Handling extreme continuous slippage: The robust logic of this paper is based on the assumption that “SINS has high accuracy in short time”. If the robot encounters continuous slippage for tens of minutes (such as working in a large area of fluid plastic silt), the drift accumulation of SINS itself will not be effectively corrected over time. Future research can refer to references [29,30] to introduce a slippage prediction model assisted by deep learning, establish a nonlinear mapping between the bottom parameters and the slip rate, so as to achieve direct compensation of the odometry scaling factor, rather than simple weight reduction processing.
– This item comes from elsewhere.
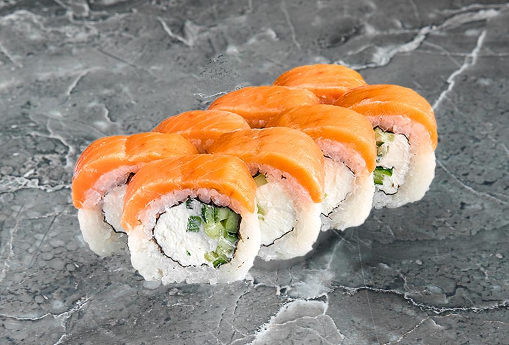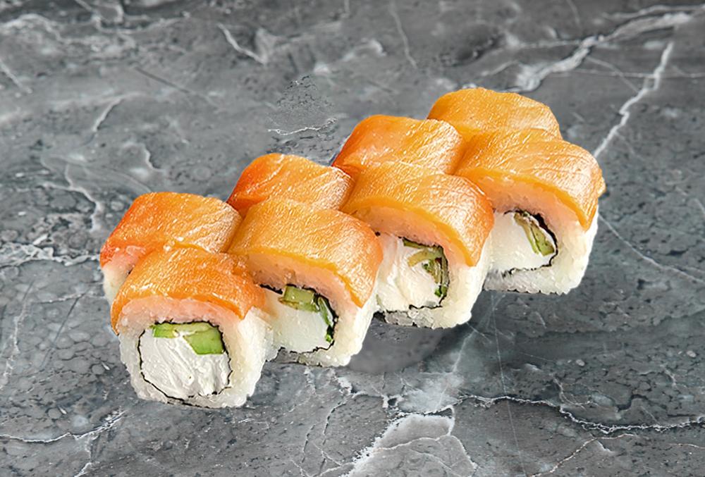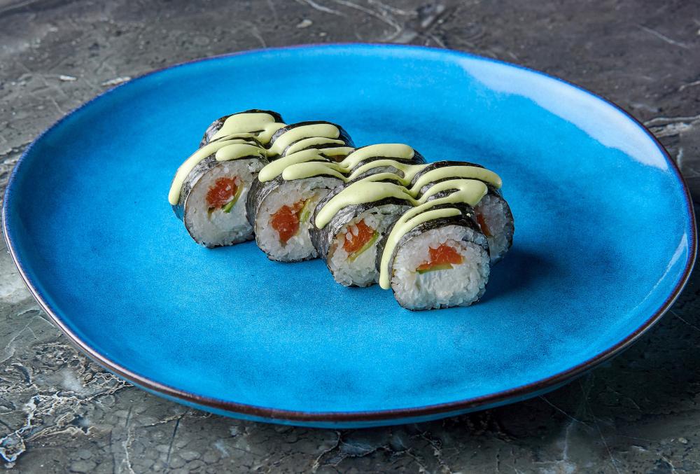 Нори, рис, лосось, творожный сыр, огурец, масаго
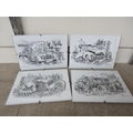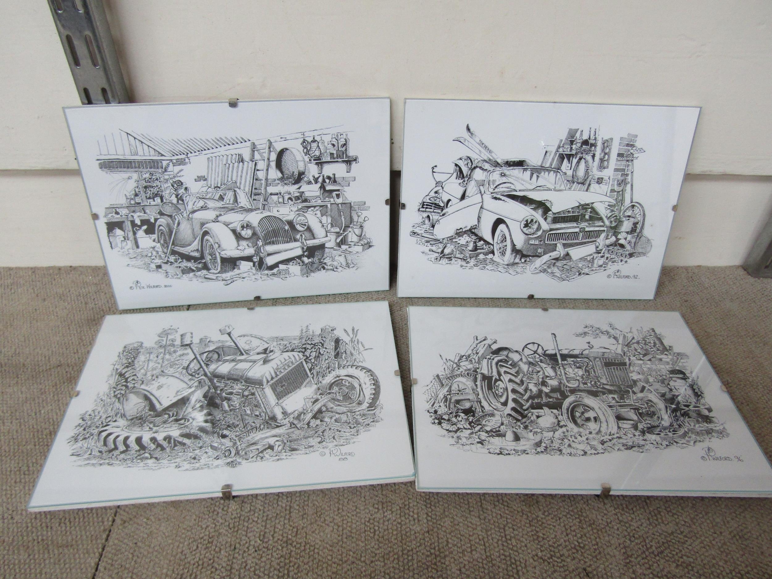 Four framed prints by P. Wilford covering tractors and cars, each 21cm x 15cm

Multi-source heterogeneous fusion: At present, the system mainly relies on SINS/OD/Depth. In extremely turbid environments, although vision and DVL are limited, acoustic long baseline (LBL) or ultra-short baseline (USBL) can provide absolute position correction. The Factor Graph Optimization (FGO) framework proposed in references [31,32] has natural advantages in handling multi-rate, asynchronous sensor fusion and loop closure detection, and is a potential direction to replace the traditional Kalman filter architecture.

Refinement of constraints: The NHC constraints currently used in this paper are relatively basic. In the future, a generalized dynamic constraint including ocean current interference can be constructed by combining fluid dynamics models to further improve the adaptability of the navigation system in complex sea conditions.

In summary, RSRCKF provides an effective engineering solution for robust navigation of seabed drilling robots, but the evolution towards intelligence and full-source fusion is still the only way to achieve all-weather autonomous operation in the deep sea.